Mais lors de la World COP 21, le jeu sera détourné dans une mise en scène qui pourrait opposer des intérêts divergents. Par exemple une grande compagnie pétrolière et les Inuit ou des pollinisateurs. Il y aura des parrains sportifs, et les paris du public pour décider qui gagnera et pour inciter à s’engager. Reste à trouver le ou les terrain(s) réels.

La symbolique des ponts

Dernière action enfin, Building Bridges, la construction de ponts. Des ponts dans les esprits, entre gens et les peuples pour les relier les uns les autres, pour relier la société civile et les négociateurs de la COP, pour passer du monde d’avant à celui d’après. Et des vrais ponts dont l’un prévu au Bourget, éco-conçu et qui devrait permettre d’autres réalisations, une fois la COP passée.

La trame de Art of Change est posée, les projets lancés. Son calendrier dont le temps fort se déroulera de septembre à décembre 2015 aussi.
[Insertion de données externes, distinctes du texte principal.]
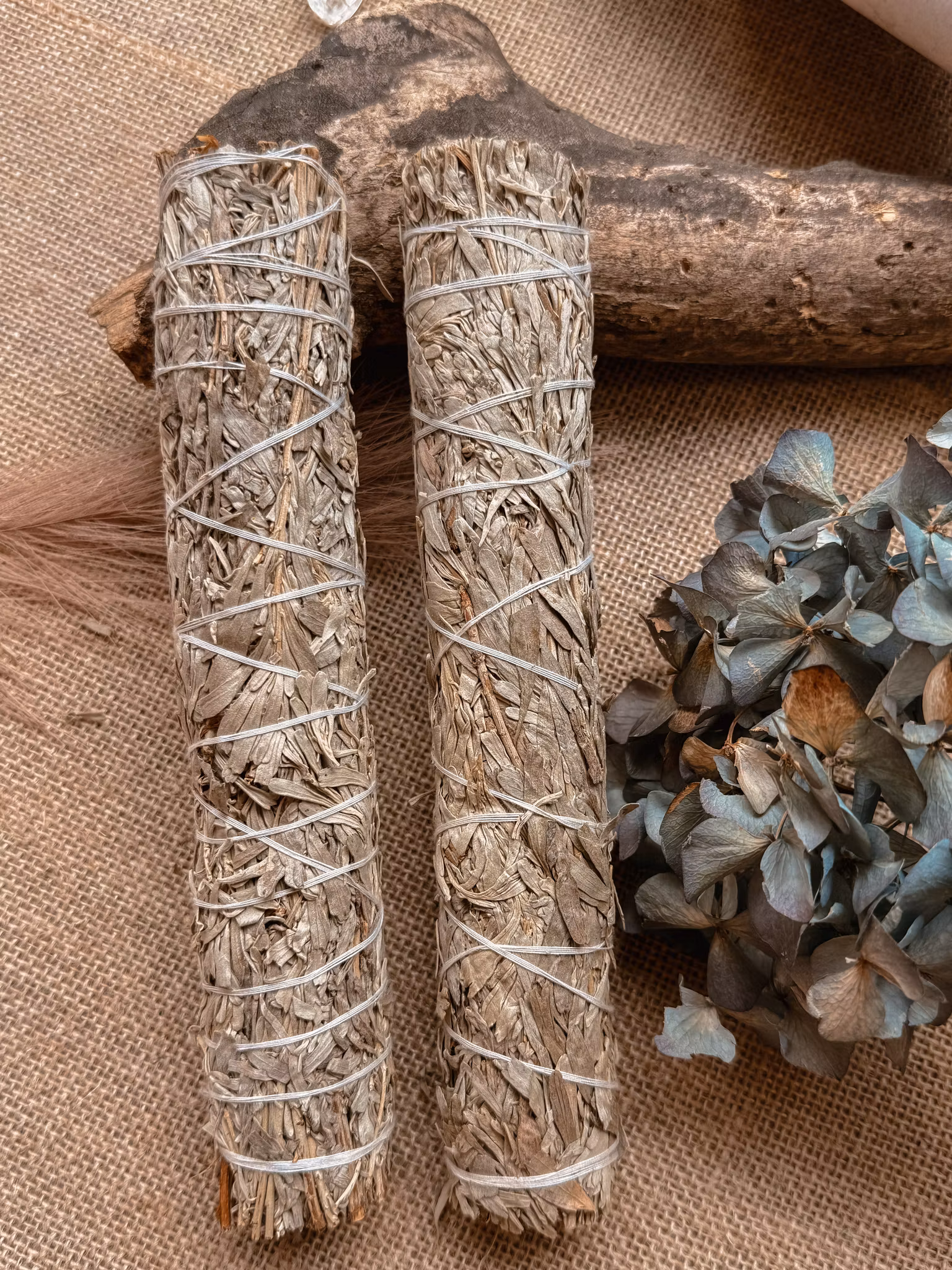 Denna salvia är skördad för hand på privat mark i San Bernardinos berg i Kalifornien, ett område där både vit och blå salvia växer vilt, omgiven av klar luft, bergsterräng och ett klimat som stärker örtens naturliga kraft. Varje bunt binds med bomullssnöre, torkas varsamt i små batcher och bär på ren energi direkt från jorden. En rökelse med tydligt ursprung, rotad i respekt för naturen och traditionellt hantverk.

Reste à faire naître les créations et à chiffrer puis à trouver rapidement les financements à l’échelle internationale - une première subvention gouvernementale vient de tomber, Orange s’est engagé…- avant de lancer un plan de communication.

« Nous avons déjà quelques partenaires. Nous poserons des critères pour l’origine des financements », assure Alice Audoin qui pense aussi au participatif et appelle à toutes les volontés et les énergies, individuelles ou associatives, pour donner corps au projet. A suivre évidemment.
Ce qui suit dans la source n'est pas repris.